First Author  Meyer AJ Year  2011
Journal  J Cell Sci Volume  124
Issue  Pt 9 Pages  1433-44
PubMed ID  21486941 Mgi Jnum  J:182955
Mgi Id  MGI:5317235 Doi  10.1242/jcs.077883
Citation  Meyer AJ, et al. (2011) Structural protein 4.1R is integrally involved in nuclear envelope protein localization, centrosome-nucleus association and transcriptional signaling. J Cell Sci 124(Pt 9):1433-44
abstractText  The multifunctional structural protein 4.1R is required for assembly and maintenance of functional nuclei but its nuclear roles are unidentified. 4.1R localizes within nuclei, at the nuclear envelope, and in cytoplasm. Here we show that 4.1R, the nuclear envelope protein emerin and the intermediate filament protein lamin A/C co-immunoprecipitate, and that 4.1R-specific depletion in human cells by RNA interference produces nuclear dysmorphology and selective mislocalization of proteins from several nuclear subcompartments. Such 4.1R-deficiency causes emerin to partially redistribute into the cytoplasm, whereas lamin A/C is disorganized at nuclear rims and displaced from nucleoplasmic foci. The nuclear envelope protein MAN1, nuclear pore proteins Tpr and Nup62, and nucleoplasmic proteins NuMA and LAP2alpha also have aberrant distributions, but lamin B and LAP2beta have normal localizations. 4.1R-deficient mouse embryonic fibroblasts show a similar phenotype.
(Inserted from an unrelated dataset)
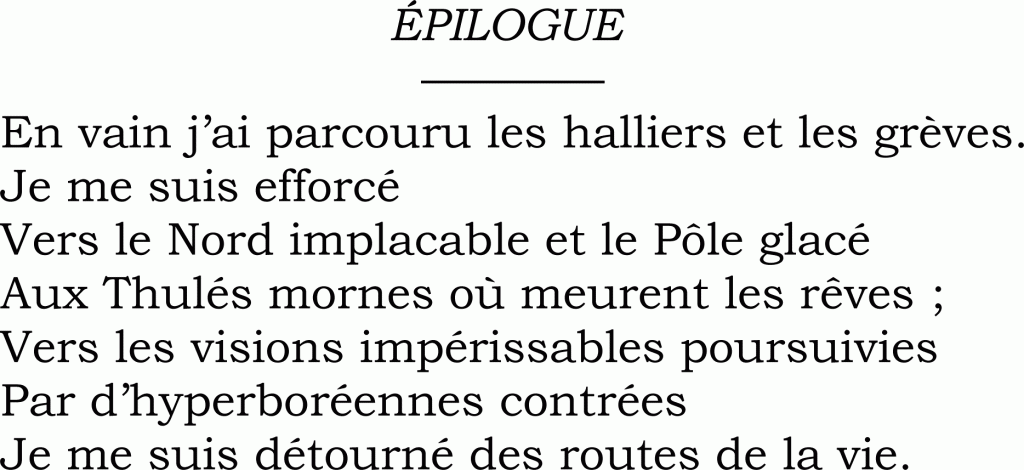 Quand Fontainas m’eut dit, après ma lecture, qu’il trouvait ce poème très beau, je lui ai dit : « C’est aussi mon avis. Je le trouve aussi très beau. Eh ! bien, quelqu’un à qui je l’ai montré, n’a pas été de cet avis. (Je n’ai pas nommé Montfort45.) Cela m’a rendu perplexe sur mon jugement, mais ce matin, je me suis rappelé l’histoire du poème d’Apollinaire. La Chanson du Mal-aimé n’a pas cessé d’être considérée comme un très beau poème46. Je sais donc fort bien ce que c’est que de beaux vers. Je suis enchanté de voir que vous êtes de mon avis pour celui-ci. »

We determined the functional effects of 4.1R-deficiency that reflect disruption of the association of 4.1R with emerin and A-type lamin: increased nucleus-centrosome distances, increased beta-catenin signaling, and relocalization of beta-catenin from the plasma membrane to the nucleus. Furthermore, emerin- and lamin-A/C-null cells have decreased nuclear 4.1R. Our data provide evidence that 4.1R has important functional interactions with emerin and A-type lamin that impact upon nuclear architecture, centrosome-nuclear envelope association and the regulation of beta-catenin transcriptional co-activator activity that is dependent on beta-catenin nuclear export.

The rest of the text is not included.